* **Data entries**:
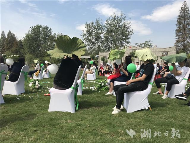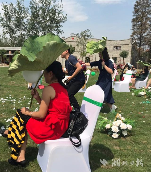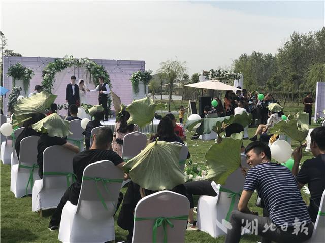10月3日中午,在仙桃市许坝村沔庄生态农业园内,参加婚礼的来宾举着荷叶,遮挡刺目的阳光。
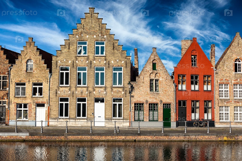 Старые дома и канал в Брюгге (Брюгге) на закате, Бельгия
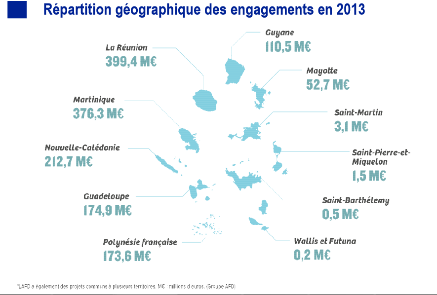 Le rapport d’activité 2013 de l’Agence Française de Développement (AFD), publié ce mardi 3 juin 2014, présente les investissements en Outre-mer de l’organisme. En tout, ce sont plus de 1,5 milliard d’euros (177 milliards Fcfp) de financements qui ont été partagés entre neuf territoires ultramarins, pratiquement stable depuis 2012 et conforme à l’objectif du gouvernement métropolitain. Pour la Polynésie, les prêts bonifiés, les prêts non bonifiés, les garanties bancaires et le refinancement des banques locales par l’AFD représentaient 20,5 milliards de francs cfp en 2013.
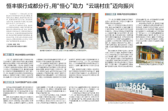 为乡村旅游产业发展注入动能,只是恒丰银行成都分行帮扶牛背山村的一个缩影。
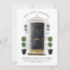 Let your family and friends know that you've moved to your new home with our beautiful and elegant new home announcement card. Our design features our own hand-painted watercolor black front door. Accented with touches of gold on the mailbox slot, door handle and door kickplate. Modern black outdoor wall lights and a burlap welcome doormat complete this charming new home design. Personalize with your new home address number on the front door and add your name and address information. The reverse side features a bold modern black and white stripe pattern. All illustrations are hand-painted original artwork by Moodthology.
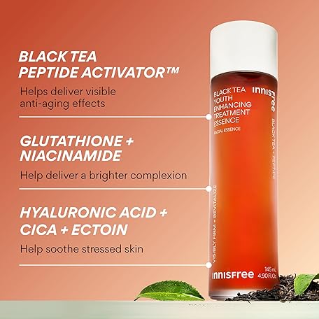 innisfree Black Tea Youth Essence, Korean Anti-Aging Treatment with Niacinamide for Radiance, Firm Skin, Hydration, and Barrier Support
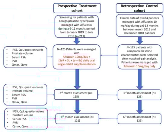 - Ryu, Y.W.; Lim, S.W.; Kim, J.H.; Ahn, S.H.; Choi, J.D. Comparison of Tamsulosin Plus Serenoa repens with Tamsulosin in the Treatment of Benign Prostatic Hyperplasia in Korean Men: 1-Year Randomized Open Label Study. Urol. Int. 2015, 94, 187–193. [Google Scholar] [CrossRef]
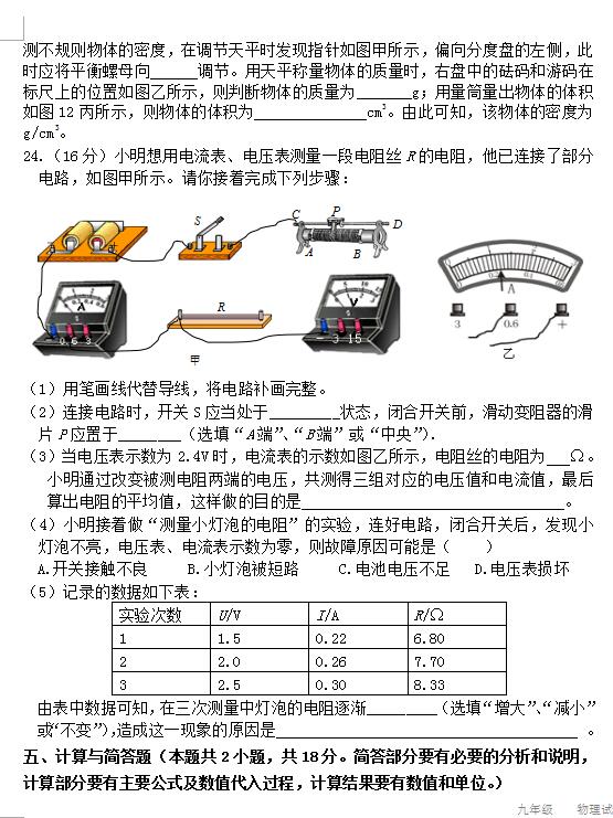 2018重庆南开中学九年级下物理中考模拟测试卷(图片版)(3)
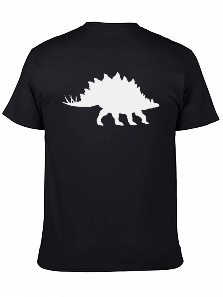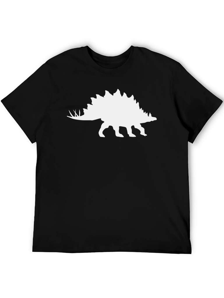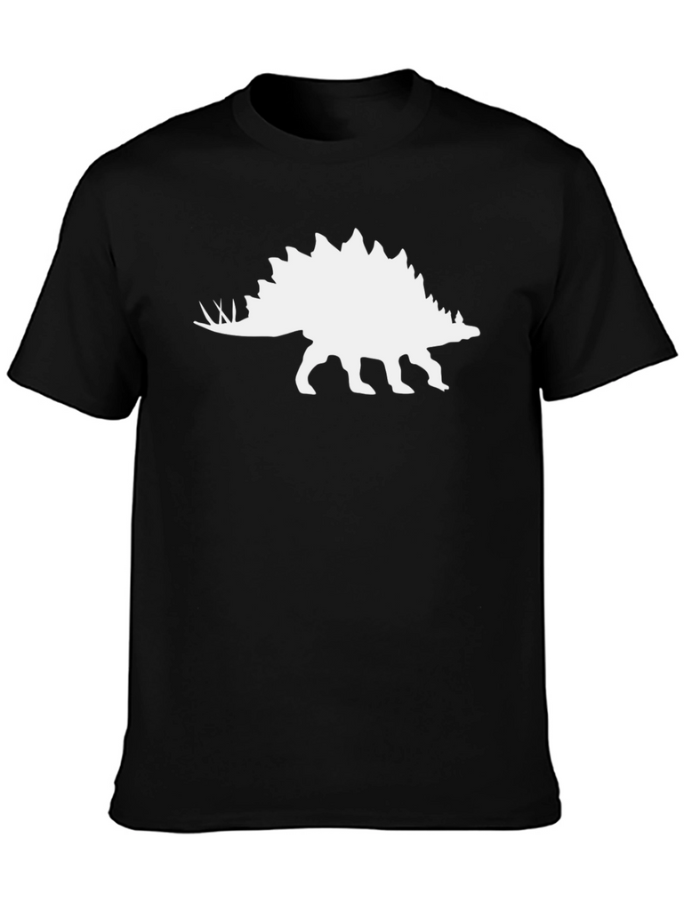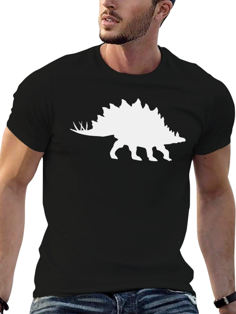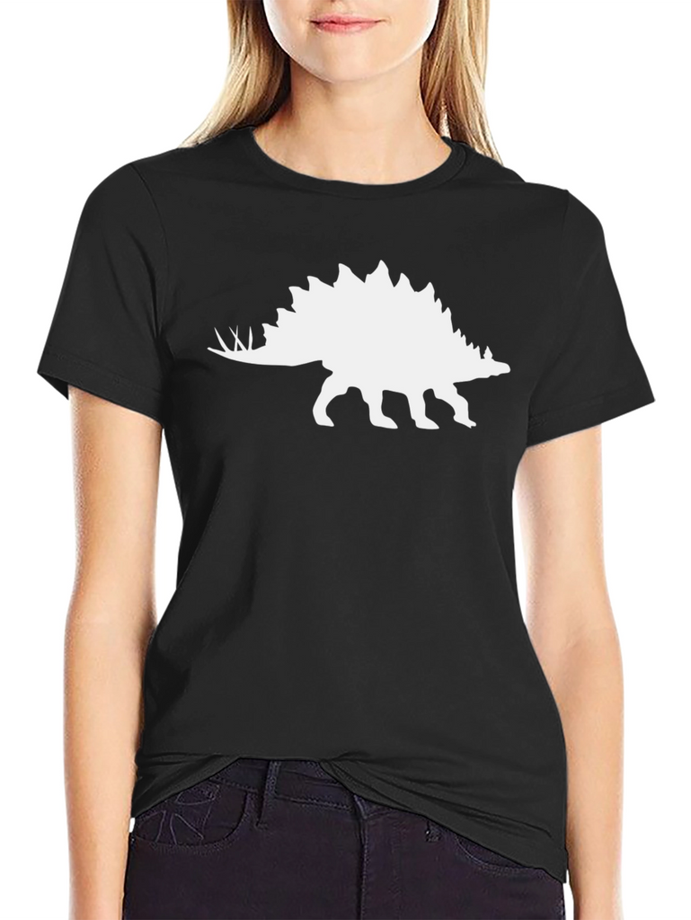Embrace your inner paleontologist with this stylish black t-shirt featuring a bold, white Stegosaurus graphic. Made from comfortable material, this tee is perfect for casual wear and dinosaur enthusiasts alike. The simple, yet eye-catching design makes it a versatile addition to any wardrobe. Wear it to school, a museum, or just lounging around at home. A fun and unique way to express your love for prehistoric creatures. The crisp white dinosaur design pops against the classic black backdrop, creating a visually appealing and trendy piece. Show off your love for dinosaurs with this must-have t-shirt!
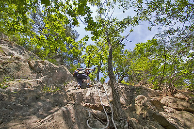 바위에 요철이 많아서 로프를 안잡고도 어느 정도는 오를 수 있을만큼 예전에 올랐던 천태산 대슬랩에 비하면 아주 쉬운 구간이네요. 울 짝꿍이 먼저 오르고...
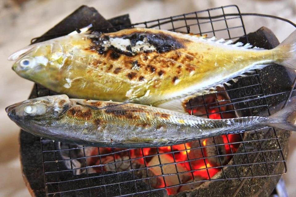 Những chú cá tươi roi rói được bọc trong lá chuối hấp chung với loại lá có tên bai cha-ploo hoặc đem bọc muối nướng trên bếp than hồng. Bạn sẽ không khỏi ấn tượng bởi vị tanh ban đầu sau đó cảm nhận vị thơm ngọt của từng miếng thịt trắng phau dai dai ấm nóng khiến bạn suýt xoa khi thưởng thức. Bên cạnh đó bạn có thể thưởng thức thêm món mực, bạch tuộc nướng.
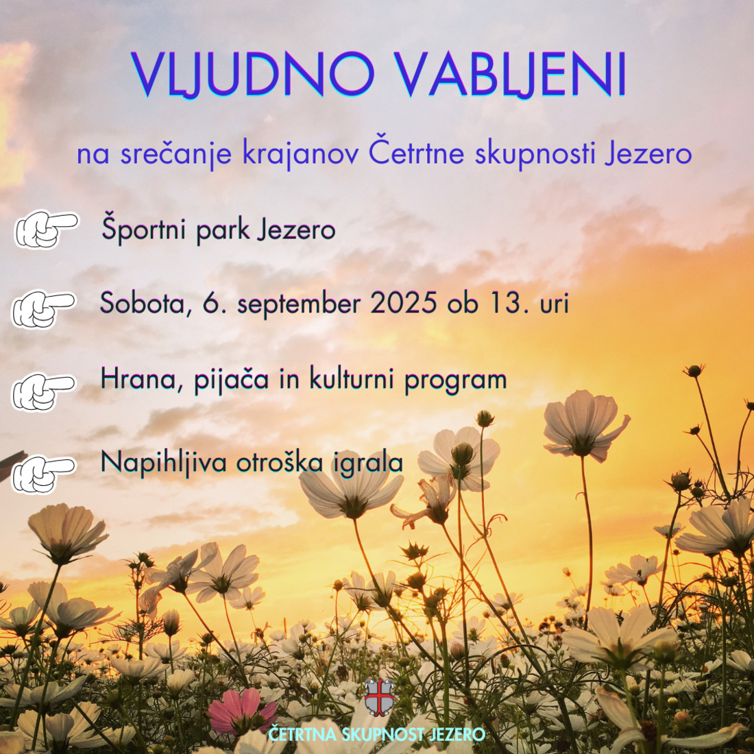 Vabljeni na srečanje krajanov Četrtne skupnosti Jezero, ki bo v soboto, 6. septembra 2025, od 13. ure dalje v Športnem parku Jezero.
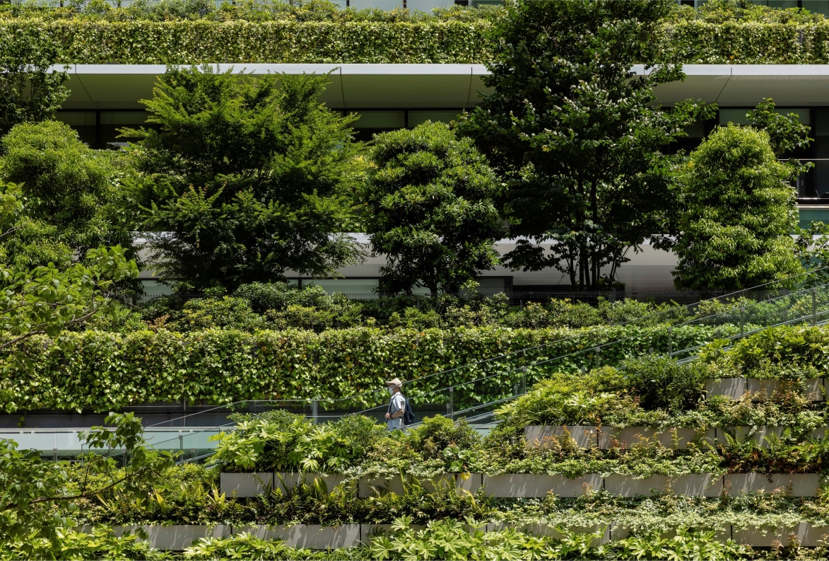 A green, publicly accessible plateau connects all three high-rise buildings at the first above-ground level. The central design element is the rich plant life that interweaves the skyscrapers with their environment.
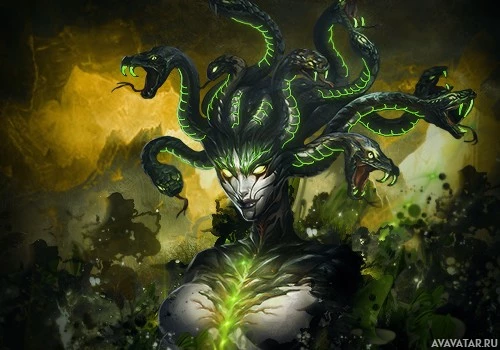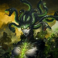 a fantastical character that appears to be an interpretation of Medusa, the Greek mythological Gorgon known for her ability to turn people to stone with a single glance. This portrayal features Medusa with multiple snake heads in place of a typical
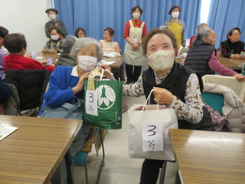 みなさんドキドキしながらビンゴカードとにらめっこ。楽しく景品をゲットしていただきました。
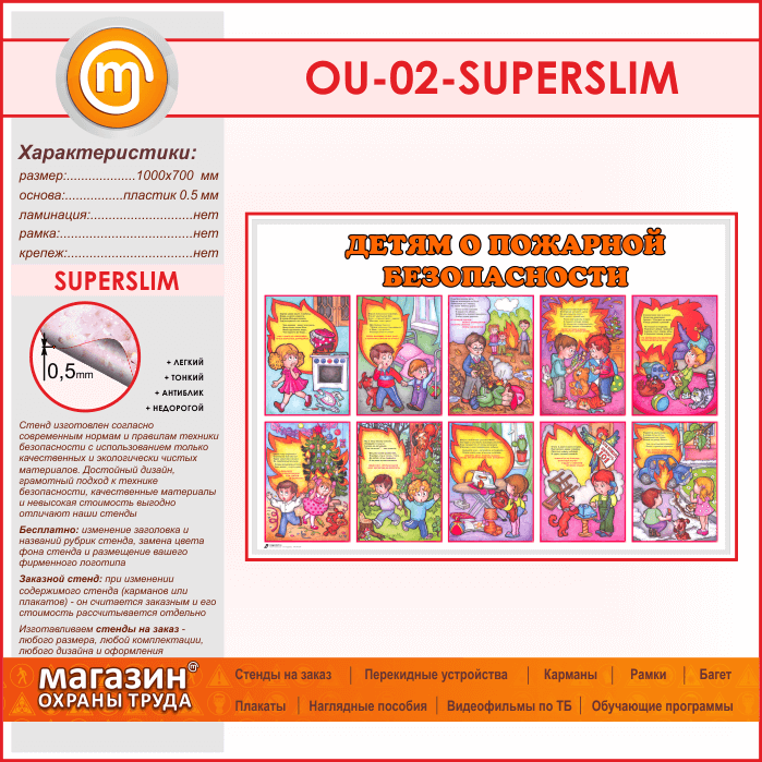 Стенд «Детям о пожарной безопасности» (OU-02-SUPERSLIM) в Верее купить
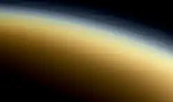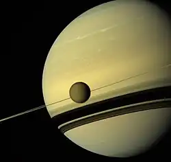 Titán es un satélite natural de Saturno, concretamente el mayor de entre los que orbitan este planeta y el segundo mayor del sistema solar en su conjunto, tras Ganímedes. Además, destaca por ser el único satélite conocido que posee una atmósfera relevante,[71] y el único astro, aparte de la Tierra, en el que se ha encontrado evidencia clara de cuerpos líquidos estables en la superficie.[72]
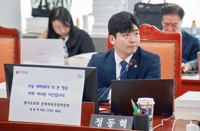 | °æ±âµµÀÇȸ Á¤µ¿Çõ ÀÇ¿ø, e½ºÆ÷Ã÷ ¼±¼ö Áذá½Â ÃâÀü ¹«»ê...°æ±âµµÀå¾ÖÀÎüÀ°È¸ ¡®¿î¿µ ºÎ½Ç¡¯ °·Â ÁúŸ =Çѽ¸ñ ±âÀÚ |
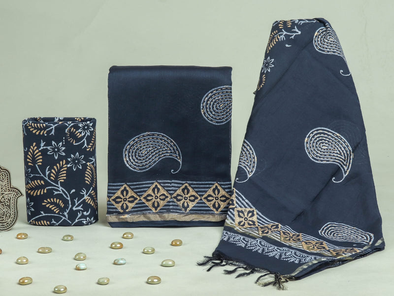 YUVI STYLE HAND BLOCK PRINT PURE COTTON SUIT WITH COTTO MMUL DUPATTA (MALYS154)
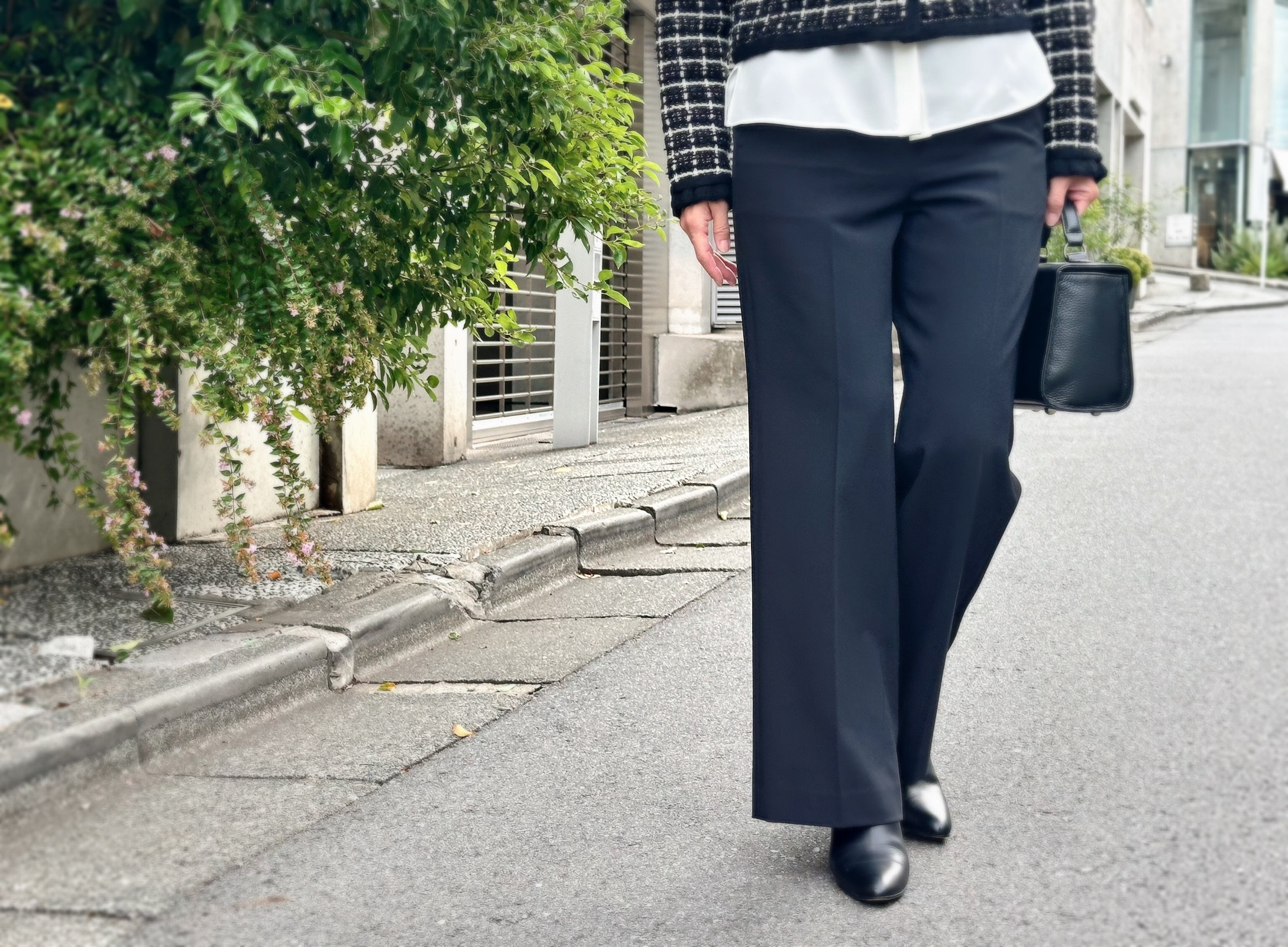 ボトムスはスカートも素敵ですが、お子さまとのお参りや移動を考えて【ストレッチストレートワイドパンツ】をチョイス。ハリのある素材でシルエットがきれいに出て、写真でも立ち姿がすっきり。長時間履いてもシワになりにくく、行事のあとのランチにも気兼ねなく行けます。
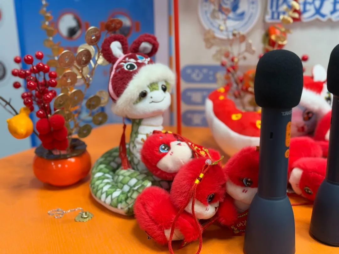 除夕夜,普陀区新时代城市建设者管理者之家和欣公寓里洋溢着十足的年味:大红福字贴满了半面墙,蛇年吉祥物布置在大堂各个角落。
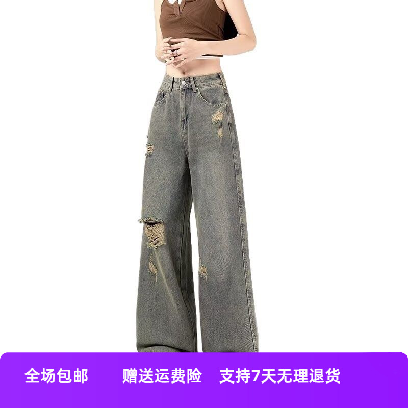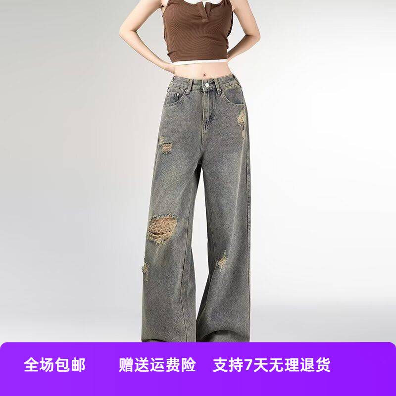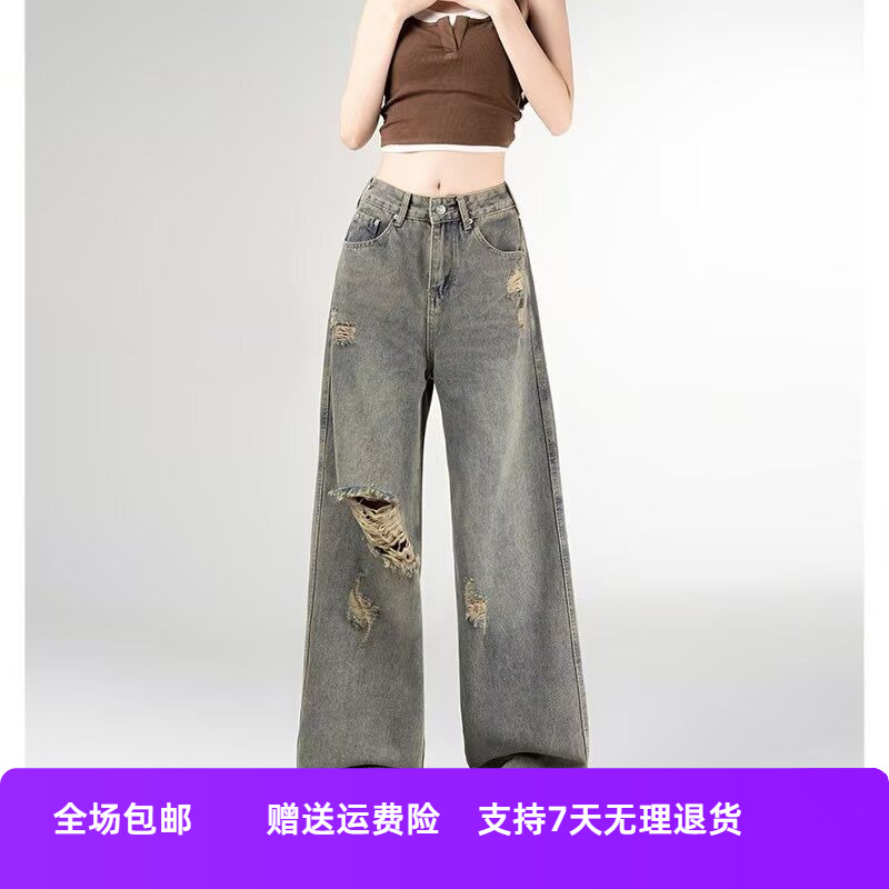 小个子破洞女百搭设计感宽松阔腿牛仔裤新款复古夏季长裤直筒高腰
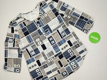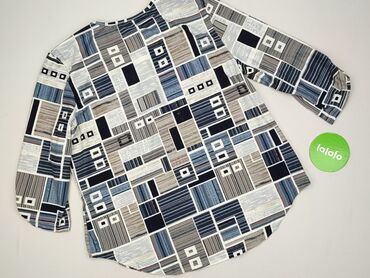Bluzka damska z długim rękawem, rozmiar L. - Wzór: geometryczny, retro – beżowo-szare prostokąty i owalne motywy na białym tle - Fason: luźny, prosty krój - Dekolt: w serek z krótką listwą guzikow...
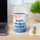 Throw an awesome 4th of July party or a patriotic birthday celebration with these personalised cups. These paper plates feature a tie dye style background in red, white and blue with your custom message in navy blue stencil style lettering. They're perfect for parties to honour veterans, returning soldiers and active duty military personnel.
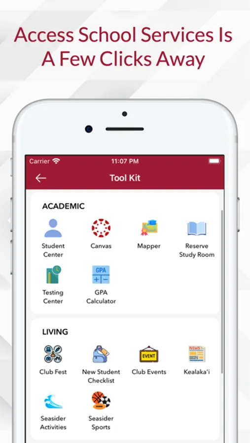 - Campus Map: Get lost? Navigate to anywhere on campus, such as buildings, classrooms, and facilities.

* **TASK STATEMENT**: Every line above between the one containing "innisfree Black Tea" and the one containing "Vabljeni na srečanje", those two included, is to be printed exactly. No pictures go into the copy.

* **TASK RESULT**:
 innisfree Black Tea Youth Essence, Korean Anti-Aging Treatment with Niacinamide for Radiance, Firm Skin, Hydration, and Barrier Support
 - Ryu, Y.W.; Lim, S.W.; Kim, J.H.; Ahn, S.H.; Choi, J.D. Comparison of Tamsulosin Plus Serenoa repens with Tamsulosin in the Treatment of Benign Prostatic Hyperplasia in Korean Men: 1-Year Randomized Open Label Study. Urol. Int. 2015, 94, 187–193. [Google Scholar] [CrossRef]
 2018重庆南开中学九年级下物理中考模拟测试卷(图片版)(3)
Embrace your inner paleontologist with this stylish black t-shirt featuring a bold, white Stegosaurus graphic. Made from comfortable material, this tee is perfect for casual wear and dinosaur enthusiasts alike. The simple, yet eye-catching design makes it a versatile addition to any wardrobe. Wear it to school, a museum, or just lounging around at home. A fun and unique way to express your love for prehistoric creatures. The crisp white dinosaur design pops against the classic black backdrop, creating a visually appealing and trendy piece. Show off your love for dinosaurs with this must-have t-shirt!
 바위에 요철이 많아서 로프를 안잡고도 어느 정도는 오를 수 있을만큼 예전에 올랐던 천태산 대슬랩에 비하면 아주 쉬운 구간이네요. 울 짝꿍이 먼저 오르고...
 Những chú cá tươi roi rói được bọc trong lá chuối hấp chung với loại lá có tên bai cha-ploo hoặc đem bọc muối nướng trên bếp than hồng. Bạn sẽ không khỏi ấn tượng bởi vị tanh ban đầu sau đó cảm nhận vị thơm ngọt của từng miếng thịt trắng phau dai dai ấm nóng khiến bạn suýt xoa khi thưởng thức. Bên cạnh đó bạn có thể thưởng thức thêm món mực, bạch tuộc nướng.
 Vabljeni na srečanje krajanov Četrtne skupnosti Jezero, ki bo v soboto, 6. septembra 2025, od 13. ure dalje v Športnem parku Jezero.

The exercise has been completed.